Problem requirements -
Omitting all images, transcribe the listing word for word.

++++ Dataset extract

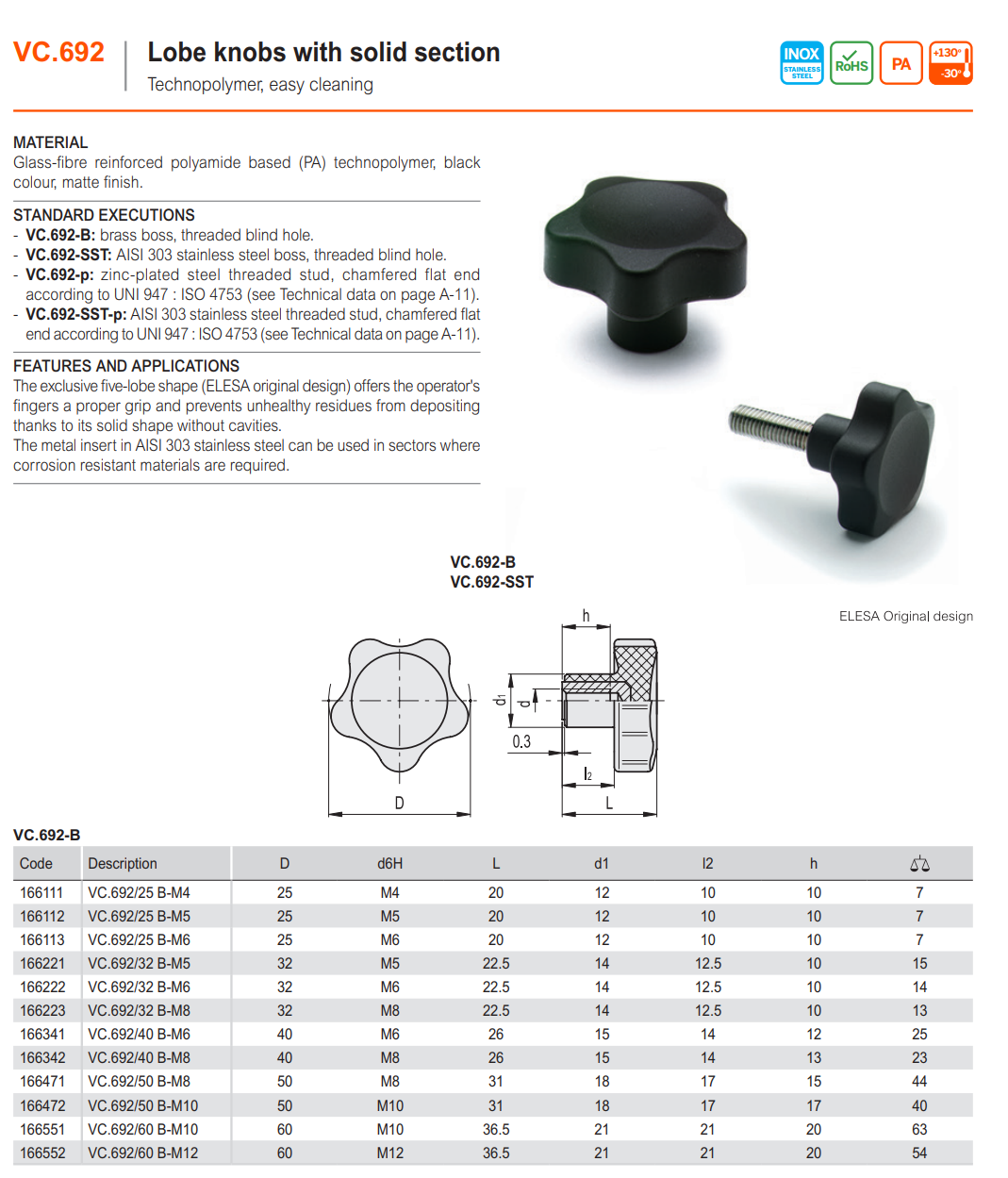 VC.692-B 솔리드 된 단면의 로브 노브 (황동 보스, 나사산 홀)
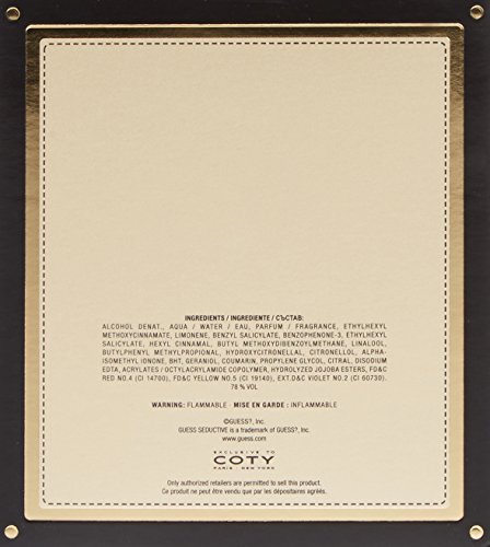 Studio : PerfumeWorldWide, Inc. Drop Ship Publisher : PerfumeWorldWide, Inc. Drop Ship Binding : Misc. Product Description Seductive by Guess is a fragrance for women. Seductive is a new fragrance and it was introduced in 2010. The nose behind this fragrance is Veronique Nyberg. Top notes are bergamot, black currant and pear; middle notes are jasmine, african orange flower and orris root; base notes are vanille, olibanum and cashmere wood.
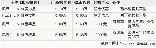 風(fēng)云2兩廂共有4款車型,指導(dǎo)價為5.18萬-6.08萬。根據(jù)奇瑞4S店銷售人員介紹,目前店內(nèi)銷售的車型只有進(jìn)取型和豪華型兩款,現(xiàn)在購車即可享受2000元現(xiàn)金優(yōu)惠,此外4S店還贈送三年12次免費保養(yǎng)。
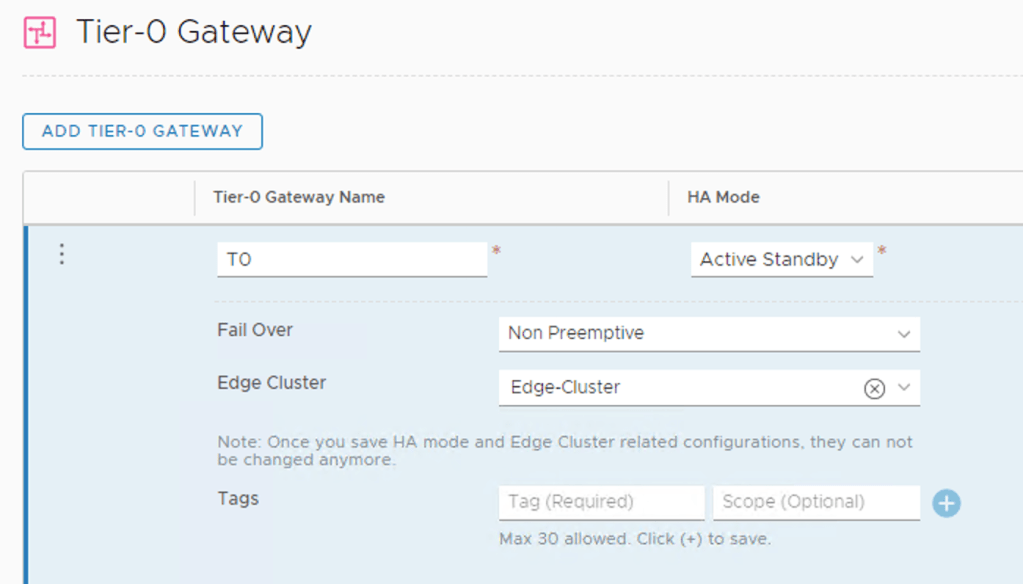 With the Edge nodes in place we can create a Tier-0 gateway. I’m configuring it with Active-Standby HA Mode:

++++++++

Expected answer -
 VC.692-B 솔리드 된 단면의 로브 노브 (황동 보스, 나사산 홀)
 Studio : PerfumeWorldWide, Inc. Drop Ship Publisher : PerfumeWorldWide, Inc. Drop Ship Binding : Misc. Product Description Seductive by Guess is a fragrance for women. Seductive is a new fragrance and it was introduced in 2010. The nose behind this fragrance is Veronique Nyberg. Top notes are bergamot, black currant and pear; middle notes are jasmine, african orange flower and orris root; base notes are vanille, olibanum and cashmere wood.
 風(fēng)云2兩廂共有4款車型,指導(dǎo)價為5.18萬-6.08萬。根據(jù)奇瑞4S店銷售人員介紹,目前店內(nèi)銷售的車型只有進(jìn)取型和豪華型兩款,現(xiàn)在購車即可享受2000元現(xiàn)金優(yōu)惠,此外4S店還贈送三年12次免費保養(yǎng)。
 With the Edge nodes in place we can create a Tier-0 gateway. I’m configuring it with Active-Standby HA Mode:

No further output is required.